Hasora badra, the common awl, is a butterfly belonging to the family Hesperiidae, which is found in India.

Description

The butterfly, which has a wingspan of 50 to 55 mm, is unmarked dark brown above. It resembles the common banded awl (Hasora chromus), except that it has no white band below; and the apex of the forewing and the disc of the hindwing below are purple washed. The male has apical spots but no brands above.

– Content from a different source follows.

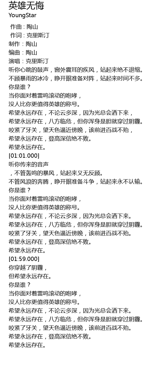 | [01:40.000] | 希望永远存在,八方临危,但你浑身是胆就穿过阴霾。 |

The female has large yellow spots in cell 2 and 3, and apical dots.

The Sri Lankan race has no apical spots on the male above and no purple wash below.

Detailed description
Edward Yerbury Watson (1891) gives a detailed description, shown below:

Range
The butterfly is found in Sri Lanka, India, Myanmar, Thailand, Laos, Hainan, Taiwan, north Vietnam, Japan, western China, Malaysia, the Indonesian archipelago (Borneo, Sumatra, and Java), the Philippines, Palawan, the Moluccas and Sulawesi.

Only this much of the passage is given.